STAA and Locale unveil platform at Short Stay Show

Short-term rentals trade body the STAA (UK Short Term Accommodation Association) and digital property management experts Locale have partnered to create a new online platform which will equip hosts in multi-occupancy buildings with tools to provide evidence and security to property owners, managers, councils and visitors.

Merilee Karr, Chair of the STAA said at the Short Stay Show at London’s ExCel Centre on March 12th, that the tool will: “Increase the level of transparency between the landlord and the tenant, and represents another significant step in helping the industry to grow responsibly.”

The tool called Trusted Hosts is set to be piloted with selected councils throughout the UK, including Westminster and Manchester, and regulatory bodies in the coming months. The STAA are hoping it will ease the pressure on local councils through easy-to-access guidance.

Karr explains the reason for developing the tool: “Residents not feeling comfortable in their own building due to different people coming in and out, a lack of transparency between tenant and landlord, not knowing who to call if there is an issue, miscommunication with the local councils on simple issues such as when to put the rubbish out or other health & safety concerns.”

The STAA felt comfortable developing the tool with Locale due to their impressive track record with the Shard, the 95-storey skyscraper in London Bridge. The technology used is also not UK-specific so it can be used Europe-wide.

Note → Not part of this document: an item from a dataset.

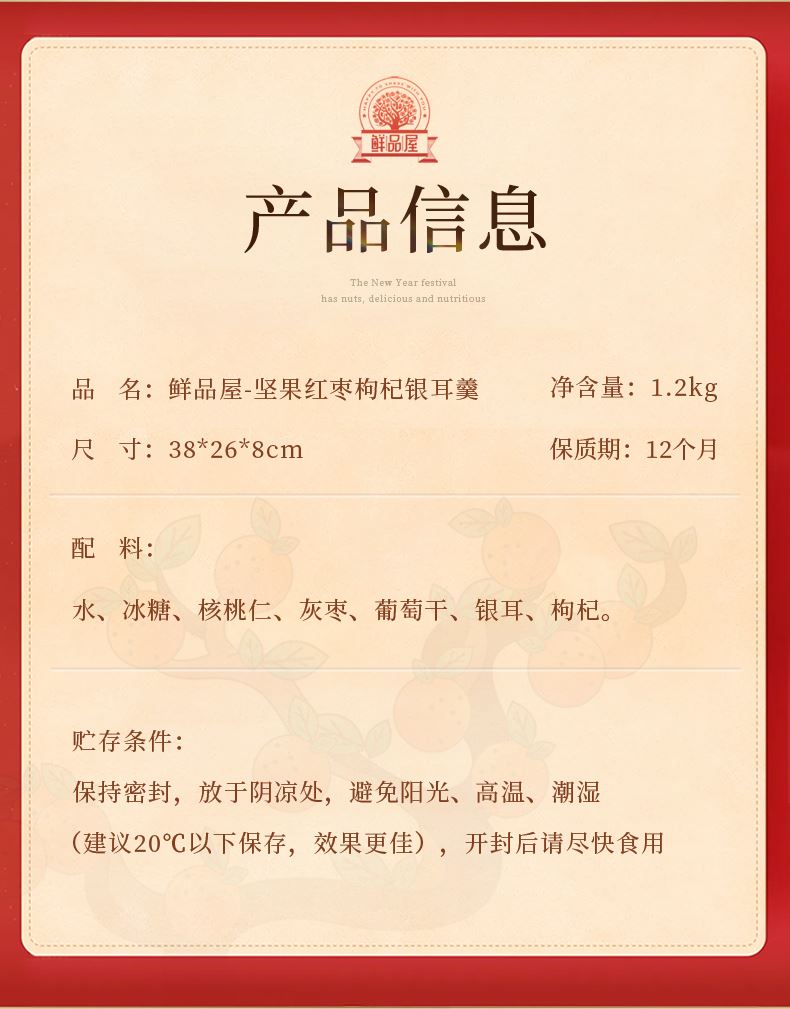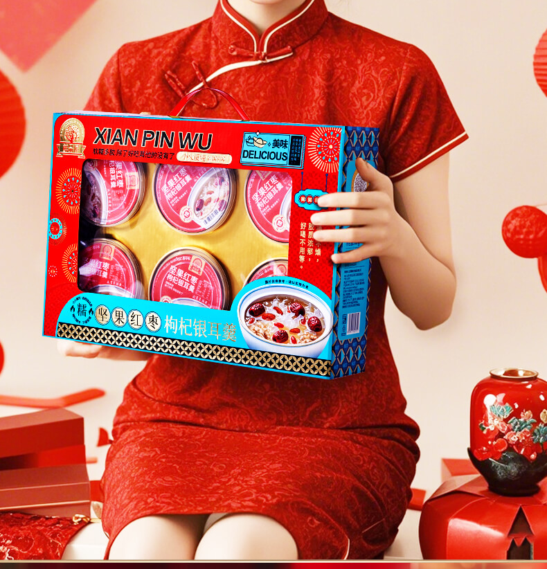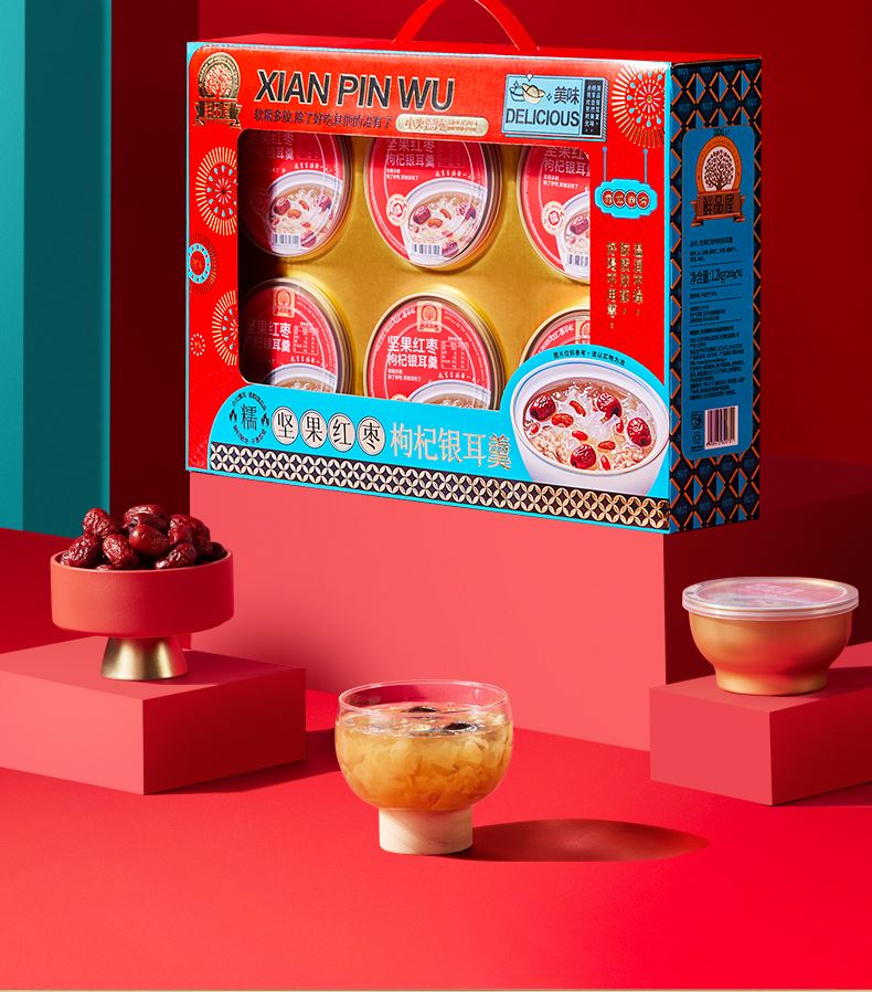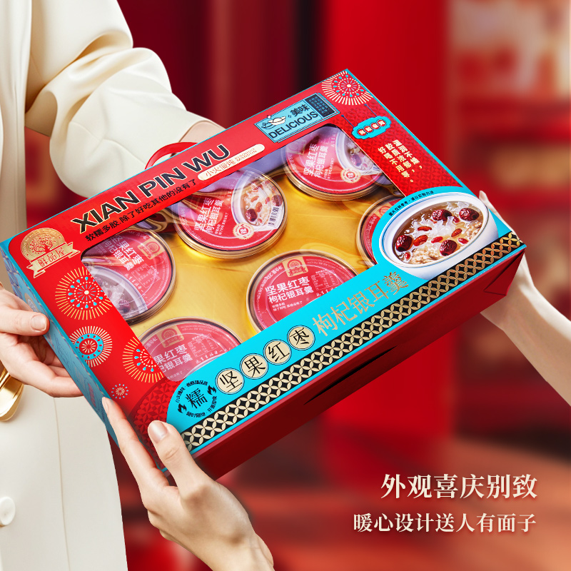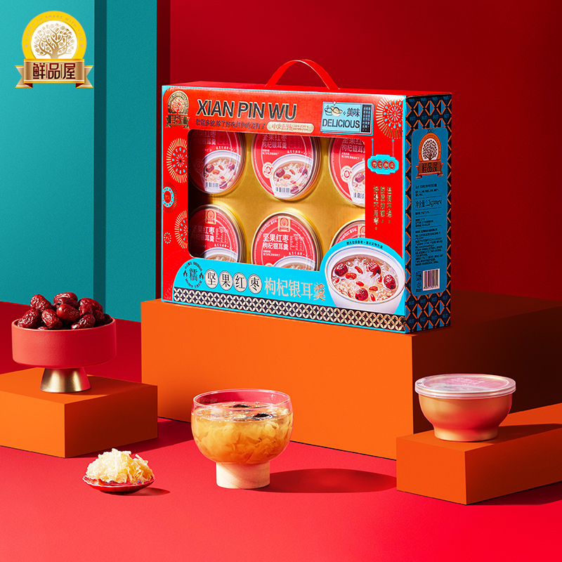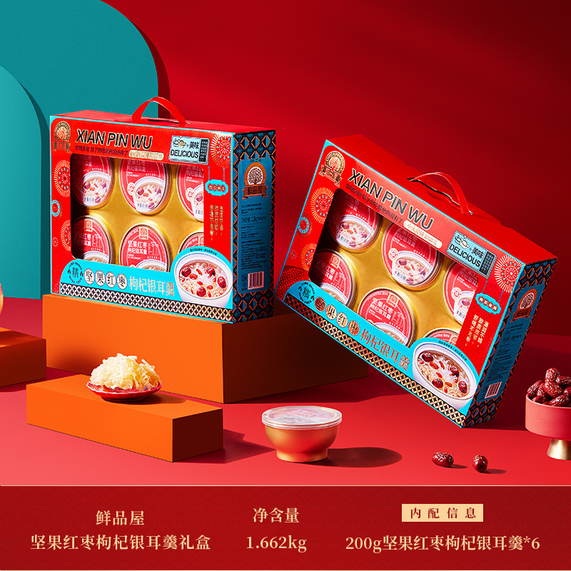 鲜品屋坚果红枣枸杞银耳羹1200g(200g*6碗)礼盒罐头
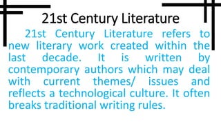The document discusses various 21st century literary genres including illustrated novels, digi-fiction, graphic novels, manga, doodle fiction, text-talk novels, chick lit, flash fiction, six-word flash fiction, creative non-fiction, science fiction, blogs, and hyper poetry. It provides examples and brief definitions of each genre, highlighting their innovative and technology-focused storytelling forms that often combine multiple media like text, images, and websites.

Karr says: “Any building can sign up for free using the technology and any individual in the building has to go through the process of self-certification. This allows both parties to know what is happening in the building, who is doing a short-term rental and so on.”

She believes improving tech within the short-term rental sector is far more effective than a national registration scheme, as MPs including Karen Buck have called for. Karr says: “There are many pitfalls associated with a national registration scheme of properties being rented out via short-term lets on platforms like Airbnb as national systems are rigid and don’t solve localised problems, for instance noisy neighbours.

“There are commercial solutions with companies like Minut which monitors noise, motion and temperature to try and prevent disruption starting in the first place and the neighbour or host becoming frustrated.”